→ Exercise prompt:
Excluding every picture, print exactly the lines from the one containing "В вечерний час, когда" through the end of the material below, both ends included.

→ Information provided:
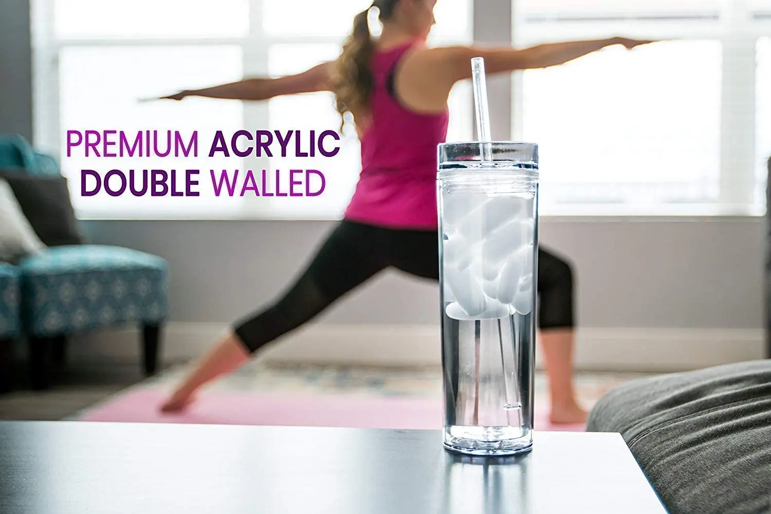 Набор из 2 тонких акриловые тумблеры с крышкой и соломинкой, 16 унций прозрачные пластиковые стаканы с двойными стенками, многоразовые акриловые чашки с соломинкой
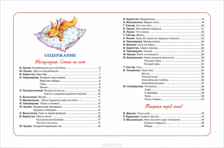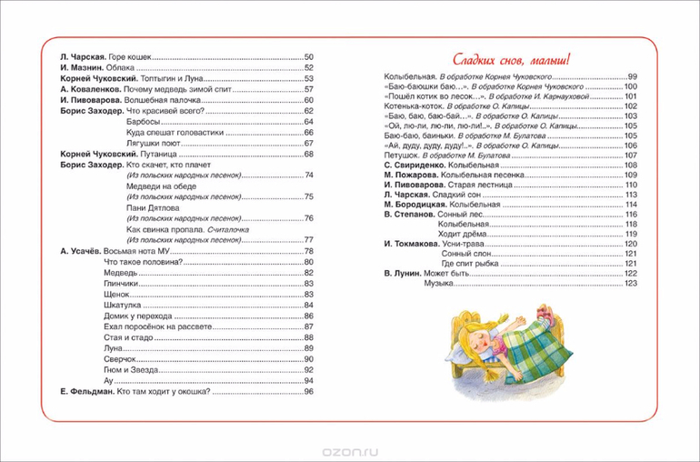В вечерний час, когда за окном темно, а на небе появляются яркие звездочки, малышам пора ложиться спать. Тогда мама или папа откроет эту волшебную книжку, в которой собраны все лучшие колыбельные, песенки и стихи, и начнет читать. Стихи Бориса Заходера, Корнея Чуковского, Андрея Усачева, Генриха Сапгира, Эммы Мошковской, Юлии Симбирской и других замечательных авторов, и, конечно, всем знакомые народные колыбельные и потешки подарят малышам много приятных минут и помогут маленьким непоседам сладко уснуть.
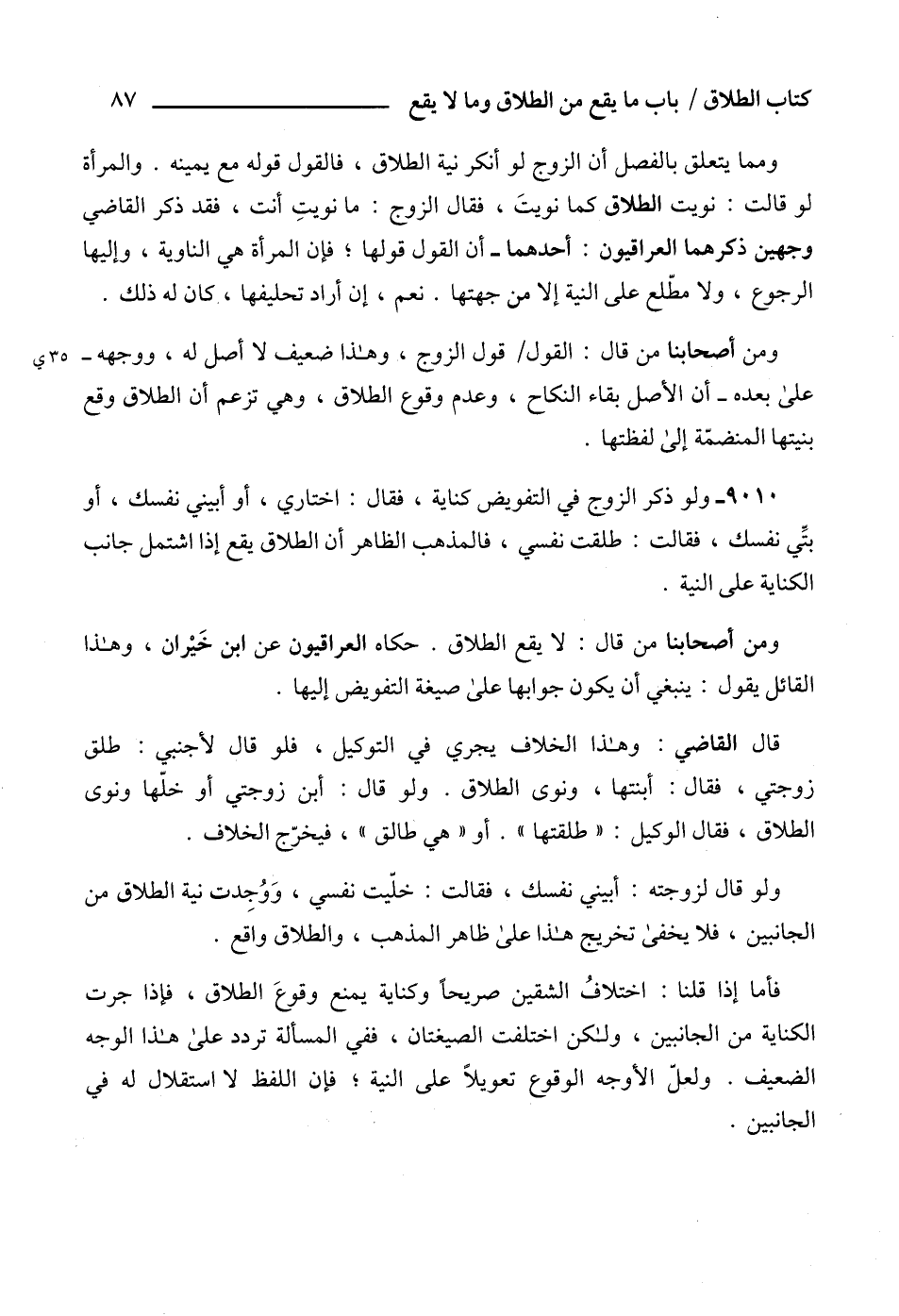 9010 - ولو ذكر الزوج في التفويض كناية، فقال: اختاري، أو أبيني نفسك، أو بتِّي نفسك، فقالت: طلقت نفسي، فالمذهب الظاهر أن الطلاق يقع إذا اشتمل جانب الكناية على النية.

→ Answer to this exercise:
В вечерний час, когда за окном темно, а на небе появляются яркие звездочки, малышам пора ложиться спать. Тогда мама или папа откроет эту волшебную книжку, в которой собраны все лучшие колыбельные, песенки и стихи, и начнет читать. Стихи Бориса Заходера, Корнея Чуковского, Андрея Усачева, Генриха Сапгира, Эммы Мошковской, Юлии Симбирской и других замечательных авторов, и, конечно, всем знакомые народные колыбельные и потешки подарят малышам много приятных минут и помогут маленьким непоседам сладко уснуть.
 9010 - ولو ذكر الزوج في التفويض كناية، فقال: اختاري، أو أبيني نفسك، أو بتِّي نفسك، فقالت: طلقت نفسي، فالمذهب الظاهر أن الطلاق يقع إذا اشتمل جانب الكناية على النية.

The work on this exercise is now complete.